In all of those moments though I keep coming back to knowing that God has something specific planned both for Abigail, and for us being Abigail's parents. Her coming to be our daughter just lined up so perfectly that there can be no other explanation. And we had sat and discussed, read, and researched numerous special needs before Abigail was born. We talked about HIV, Down's syndrome, cerebral palsy, and drug and alcohol exposure. We discussed autism and on down the list of things I have dealt with as I have worked with numerous people with special needs. Never once did NF come up. Neither of us had ever even heard of it.

So while I wasn't surprised that we somehow managed to end up with a kiddos with lots of special medical needs. I had this nagging feeling that the having a child with NF was something that God lined up for some unknown reason. I wasn't sure if we would ever even find out here on earth.

Last night I sat next a little girl on the couch at the home of a family from our church. This is a large family (I think they have 9 kiddos at home) who had just had a baby. I had brought a meal and was holding their new sweet little one. I asked the little girl about the band-aid on her arm. She replied very nonchalantly she had an MRI that day. When I asked why she told me she had a bump on her head, and then proceeded to pull up her shirt to show me the 'brown spots' that she also had.
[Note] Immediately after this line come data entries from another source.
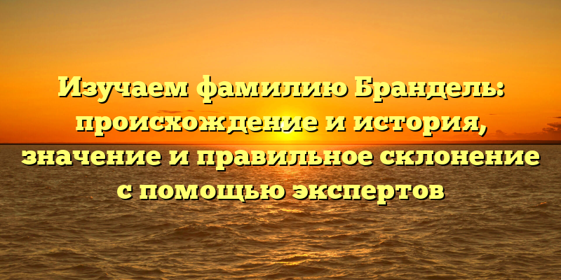 - Погружаемся в происхождение и историю фамилии Брандель: эксперты раскрывают значение и делятся секретами правильного склонения
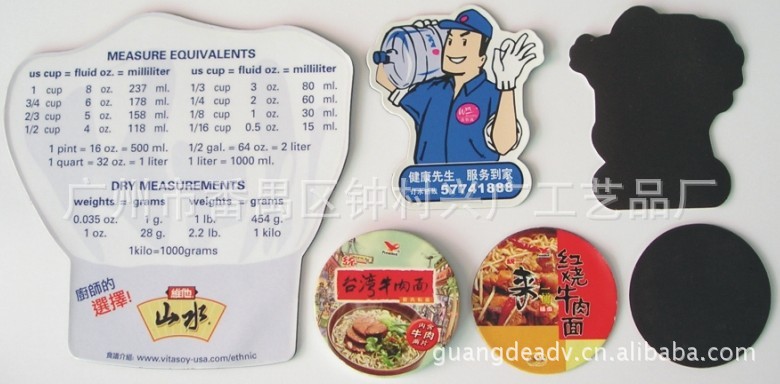 本厂主要以PVC软磁,软磁,EVA,纸,PP胶片等材质为主加工订做各种广告礼品,促销赠品.主要产品有:PVC钥匙扣,PVC杯垫,PVC相框,PVC手机绳,PVC行李吊牌;磁性电话本,磁性飞镖,磁性拼图,磁性书签,磁性相框,磁性写字板,磁性冰箱贴;各种材质鼠标垫,吸水纸杯垫,软木杯垫,中纤板杯垫等等.所有产品完全根据客人要求开模订做,可把企业广告做在上面,适用于企业广告促销.
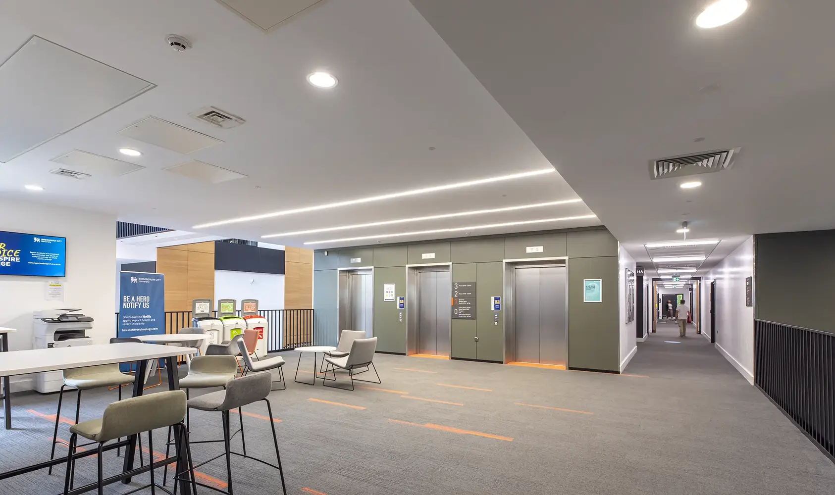 Thorlux Lighting hat in der Vergangenheit bereits Leuchten für das Seacole-Gebäude geliefert und setzt mit dem aktuellen Projekt eine langjährige und erfolgreiche Partnerschaft mit der Birmingham City University fort. Um die langfristigen Ziele des Dekarbonisierungsplans der Universität zu erreichen – der Plan umfasst unter anderem den Austausch von Gasheizkesseln durch Wärmepumpen, die Reduzierung des Wasserverbrauchs und die Förderung der lokalen Artenvielfalt – war Thorlux beauftragt worden, das Beleuchtungssystem im gesamten Gebäude zu modernisieren, um auch bei der Beleuchtung eine bessere Energieeffizienz zu erzielen.

I nearly fell off the couch (and had to quickly remind myself I was holding a baby). I didn't know what to ask next because I wasn't sure how much the family new. The mom proceeded to tell me that the dad has been diagnosed with something called neurofibromatosis a few months ago.

I knew immediately in my heart of hearts that we were chosen for Abigail to walk through NF hand and hand with this family.

In a church of around 100 people, there are two families who are dealing with a disorder that is statistically 1 in every 2500-3000 people. Unbelievable. I thought again about sitting in that doctor's office a little over two years ago. This time it didn't bring that sense of dread and doom though. This time it brought that feeling of seeing God's hand at work in the lives of every last person, lining things up perfectly to bring himself the glory!


Enjoying seeing things from a different view,

Let the little children come to me...

I am going to share with you the words Abigail prayed at dinner the other night. Jason and I were stifling laughter and she squeezed her eyes shut and thanked the Lord. (I'll give you the Abigail version and the interpret for those who may need it).

Jeyuh,
Sank you fow Abigail. Sank you fow Mama. Sank you fow Papa. Sank you fow my gina. Sank you fow my cheek. Sank you fow helping my mouf not huwt. Sank you fow Mama's wing. Sank you fow Papa's wing. Sank you fow dis big sing of food Mama made. In Jeyuh name, Amen.

Jesus,
Thank you for Abigail. Thank you for Mama. Thank you for Papa. Thank you for my vagina. Thank you for my cheek. Thank you for helping my mouth not hurt. Thank you for Mama's ring. Thank you for Papa's ring. Thank you for this big thing of food Mama made. In Jesus name, Amen.

Not certain why the chicken le blanc we had for dinner that night made her think of her vagina, and be thankful for it, but who am I to hinder my little one from going to Jesus with her thoughts.